> **Task instructions**
Output the data below only from the line containing "## Global scaling" up to and including the line containing "Flying Tomato Coral", exact and with the pictures left out.

Available records section start

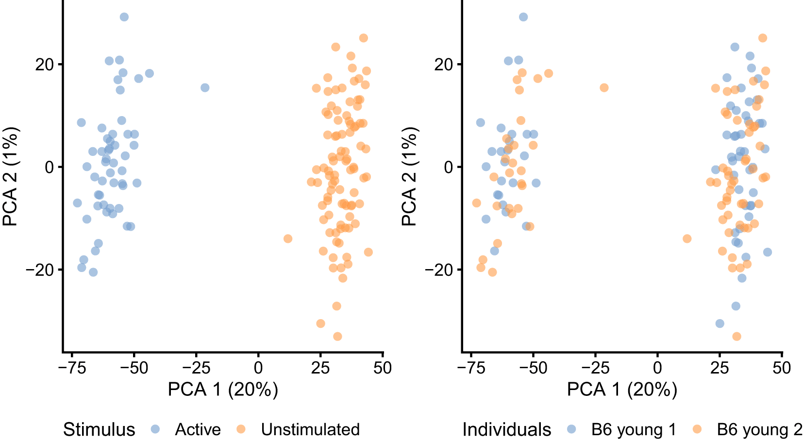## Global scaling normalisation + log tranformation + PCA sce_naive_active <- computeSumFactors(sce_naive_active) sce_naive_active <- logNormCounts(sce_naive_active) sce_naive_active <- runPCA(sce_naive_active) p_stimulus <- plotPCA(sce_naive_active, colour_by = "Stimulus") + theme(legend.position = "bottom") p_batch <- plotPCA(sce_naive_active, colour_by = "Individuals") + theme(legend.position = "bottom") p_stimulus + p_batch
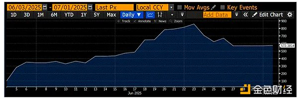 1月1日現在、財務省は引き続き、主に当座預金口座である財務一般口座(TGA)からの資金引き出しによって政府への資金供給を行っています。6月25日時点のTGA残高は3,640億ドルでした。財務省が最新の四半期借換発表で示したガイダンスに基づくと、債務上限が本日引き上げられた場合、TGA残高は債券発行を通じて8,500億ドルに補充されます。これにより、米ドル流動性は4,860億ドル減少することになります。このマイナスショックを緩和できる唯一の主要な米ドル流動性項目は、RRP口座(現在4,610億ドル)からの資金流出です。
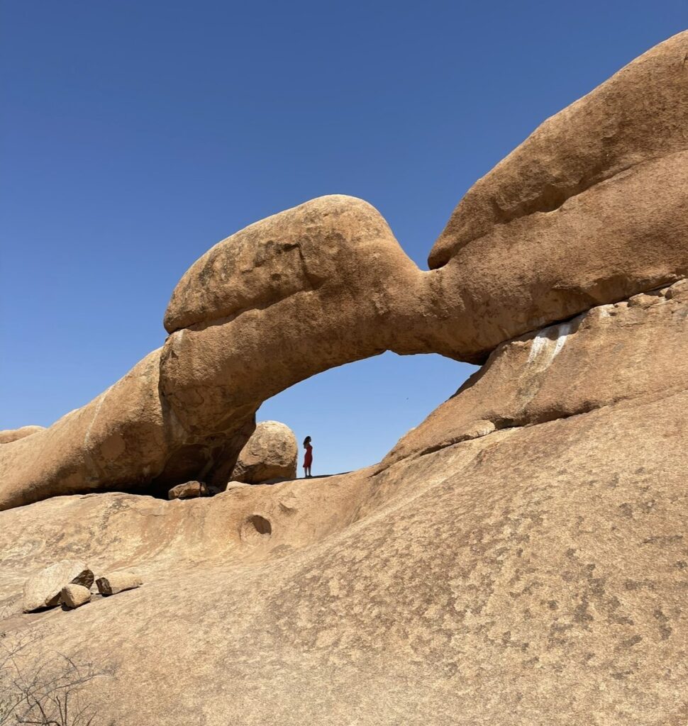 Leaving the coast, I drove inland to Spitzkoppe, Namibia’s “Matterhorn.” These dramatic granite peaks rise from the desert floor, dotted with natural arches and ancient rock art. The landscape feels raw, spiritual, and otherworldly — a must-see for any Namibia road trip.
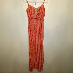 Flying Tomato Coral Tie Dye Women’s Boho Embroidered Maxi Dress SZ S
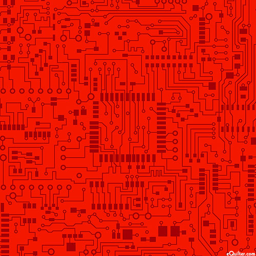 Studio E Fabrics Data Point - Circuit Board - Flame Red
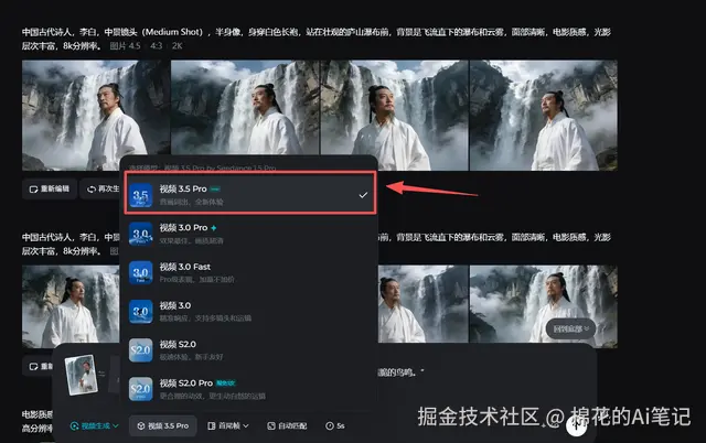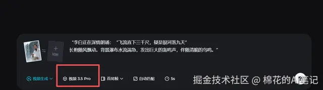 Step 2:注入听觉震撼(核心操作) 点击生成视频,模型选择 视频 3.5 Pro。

Available records section end
Available records section start

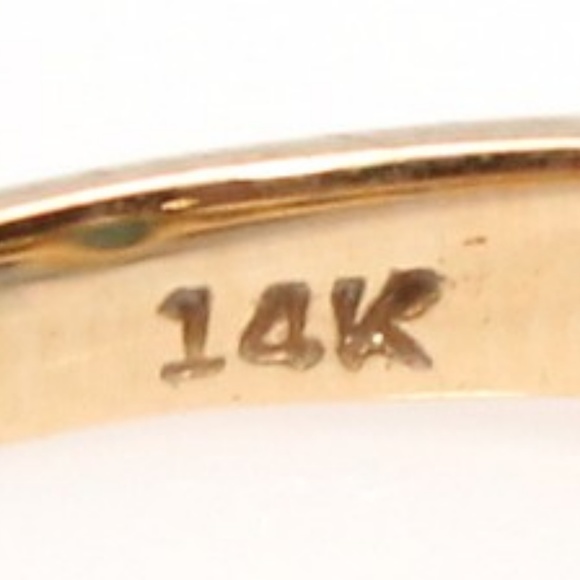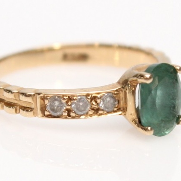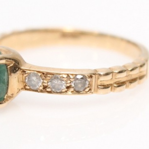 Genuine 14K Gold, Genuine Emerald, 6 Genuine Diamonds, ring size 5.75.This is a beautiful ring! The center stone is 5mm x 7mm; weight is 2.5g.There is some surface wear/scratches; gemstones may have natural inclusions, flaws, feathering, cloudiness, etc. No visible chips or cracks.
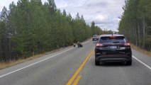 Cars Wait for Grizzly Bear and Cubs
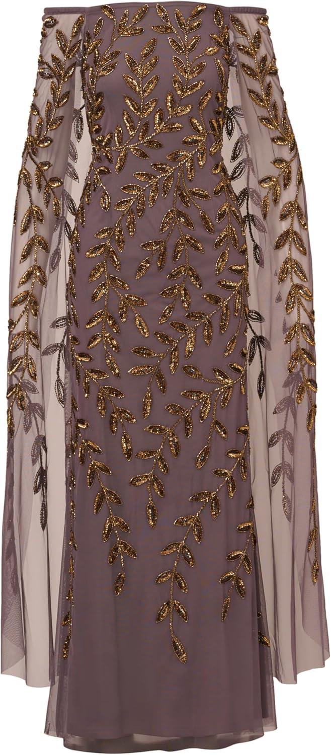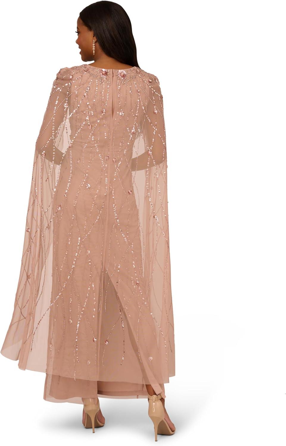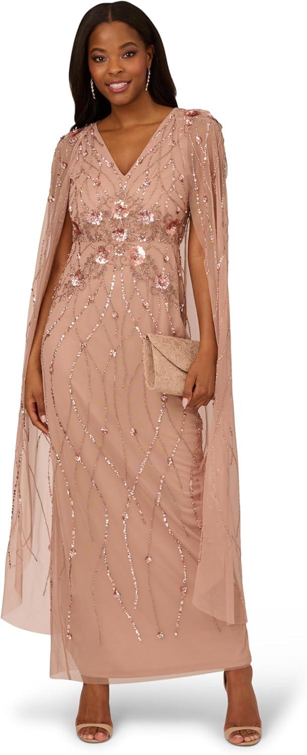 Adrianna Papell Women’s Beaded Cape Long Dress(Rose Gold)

Available records section end
Available records section start

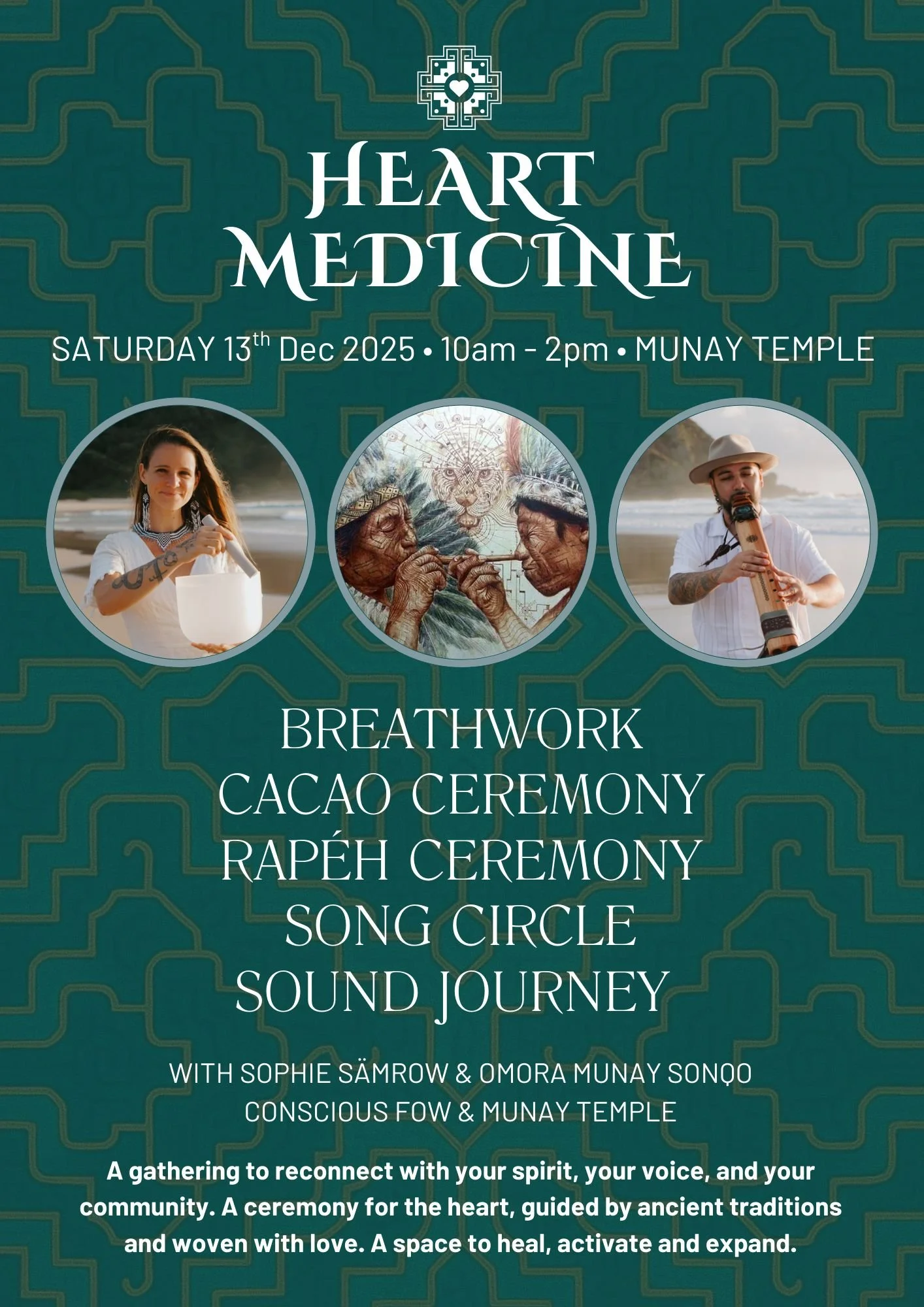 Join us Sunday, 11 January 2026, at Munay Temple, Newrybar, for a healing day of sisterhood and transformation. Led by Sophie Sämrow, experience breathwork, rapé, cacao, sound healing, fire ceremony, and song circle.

Available records section end

> **Response to this exercise**
## Global scaling normalisation + log tranformation + PCA sce_naive_active <- computeSumFactors(sce_naive_active) sce_naive_active <- logNormCounts(sce_naive_active) sce_naive_active <- runPCA(sce_naive_active) p_stimulus <- plotPCA(sce_naive_active, colour_by = "Stimulus") + theme(legend.position = "bottom") p_batch <- plotPCA(sce_naive_active, colour_by = "Individuals") + theme(legend.position = "bottom") p_stimulus + p_batch
 1月1日現在、財務省は引き続き、主に当座預金口座である財務一般口座(TGA)からの資金引き出しによって政府への資金供給を行っています。6月25日時点のTGA残高は3,640億ドルでした。財務省が最新の四半期借換発表で示したガイダンスに基づくと、債務上限が本日引き上げられた場合、TGA残高は債券発行を通じて8,500億ドルに補充されます。これにより、米ドル流動性は4,860億ドル減少することになります。このマイナスショックを緩和できる唯一の主要な米ドル流動性項目は、RRP口座(現在4,610億ドル)からの資金流出です。
 Leaving the coast, I drove inland to Spitzkoppe, Namibia’s “Matterhorn.” These dramatic granite peaks rise from the desert floor, dotted with natural arches and ancient rock art. The landscape feels raw, spiritual, and otherworldly — a must-see for any Namibia road trip.
 Flying Tomato Coral Tie Dye Women’s Boho Embroidered Maxi Dress SZ S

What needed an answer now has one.